I know you want me to carry on with the cliffhanger from last week’s newsletter. If you recall, the algorithms that run the internet had just begun to understand human behavior, and social media CEOs were about to unleash this understanding on an unsuspecting world.

But first we need to cut to the 1940s, and a man living under a rock in the California desert.

This was not just any rock. It was a cool rock. This gives me an excuse to link to the June newsletter, “Cool Rock.” This particular cool rock was the well named “Giant Rock.” Giant Rock is what it says it is, a giant rock, a seven story boulder.

In the early 1940s, an eccentric prospector with a penchant for dynamite and an inspiration from tortoise burrows built his home under the rock. Then he furnished his rock with radio equipment and installed an airstrip nearby.

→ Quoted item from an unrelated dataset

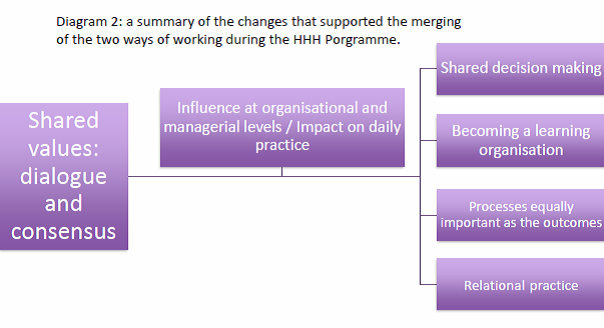 Social pedagogues consider important to share a clear and unified value base with those who they work with, this serves as a reference to sustain and guide practice for practitioners sharing a working environment or professional responsibilities with a specific group. When a social pedagogue makes decisions, she has to use value-based assessments, combined with theory applied to her practice through reflection in action, and this is done in dialogue with others, the client and the other colleagues or professionals. It is rather about ethics and values than methods and techniques (Storø, 2013). Thus, social pedagogy is a combination of theory, research and Haltung. During the HHH programme, the social pedagogues noticed a need for further dialogue around the value base of practice. This situation contributed at times to a certain degree of inconsistency in practice that was also a result of the confusion over continuing governmental changes and political and financial agendas brought to the field.

Alas, the Giant Rock denizen, Frank Critzer, died when he blew himself up in his underground home during a stand-off with the police. He did this because the local police were asked to keep an eye on him by the FBI. The FBI thought he might be a German spy, due to his name and the fact that he was operating an underground shelter full of TNT, with radio equipment and an airfield, out near the site where the Army was training people to fly planes.

Before his death, Frank “the Underdweller” Critzer befriended an amateur aviator who took interest in his homemade runway and radio equipment. 

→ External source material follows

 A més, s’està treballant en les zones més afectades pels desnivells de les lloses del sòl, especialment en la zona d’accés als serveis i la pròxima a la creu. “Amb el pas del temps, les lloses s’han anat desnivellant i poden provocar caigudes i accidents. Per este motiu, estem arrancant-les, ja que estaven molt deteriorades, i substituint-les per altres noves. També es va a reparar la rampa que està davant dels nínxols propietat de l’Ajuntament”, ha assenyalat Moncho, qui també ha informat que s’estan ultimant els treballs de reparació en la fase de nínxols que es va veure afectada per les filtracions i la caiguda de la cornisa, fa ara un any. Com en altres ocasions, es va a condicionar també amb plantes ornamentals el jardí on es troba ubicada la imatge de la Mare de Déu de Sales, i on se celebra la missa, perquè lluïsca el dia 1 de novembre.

The aviator who purchased the Giant Rock and the Giant Rock airfield was named George Van Tassel. After taking up residence in Frank’s underground home, George started holding group meditation sessions under the rock. 

One person attending these sessions was an old aerospace industry coworker of George’s, Orfeo Angelucci. 

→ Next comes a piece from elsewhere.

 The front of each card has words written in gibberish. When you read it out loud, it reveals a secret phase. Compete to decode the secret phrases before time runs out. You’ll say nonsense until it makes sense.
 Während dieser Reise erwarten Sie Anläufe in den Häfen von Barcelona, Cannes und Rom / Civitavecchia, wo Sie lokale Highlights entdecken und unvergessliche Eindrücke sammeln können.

In 1952, Angelucci claimed that he had been driving home from his job at night, when he had been followed by a small blue ball of light that spoke to him with a message from benevolent and highly spiritual aliens.

In 1953, George Van Tassel was meditating under the Giant Rock when an alien from Venus, orbiting in a spacecraft, contacted him telepathically. There is no record of Angelucci being present at the time.

It would later turn out that Van Tassel wasn’t the only person who claimed they had been contacted while underneath Giant Rock.

I apologize for the inconvenient aside about a cool rock. We now return to your scheduled reading about how the Ascended Masters relate to aliens, artificial intelligence and the internet.

You may recall the Theosophy Movement and Ascended Masters from a previous newsletter, or from reading about weirdos some other place. If you have not, I urge you to read it now.

Before you decide for yourself if contactees were recasting the Ascended Masters as aliens, let’s take a look at “contactees.”

Contactees were people who claimed to be contacted by aliens. Sometimes via telepathy, sometimes in the flesh. They had a peak in the 1950s. Usually, the aliens who contacted them looked like humans. We’re not going to unpack the fact that those humans were usually very white, and the “best” ones were blonde and “Nordic,” but they did in fact look like humans. 

Contactees often told the same story. The aliens were worried about Earth. Our wars, our nuclear bombs, our crimes and environmental destruction. Can’t blame the aliens, honestly. 

The aliens asked them to spread a message of universal love and peace. Sometimes the aliens would take the astral (or physical) forms of said humans on trips around the solar system, or beyond. Orfeo Angelucci, for instance, got to spend an entire week psychically inhabiting the body of a Space Brother named “Neptune,” on an asteroid that was the remains of a destroyed planet.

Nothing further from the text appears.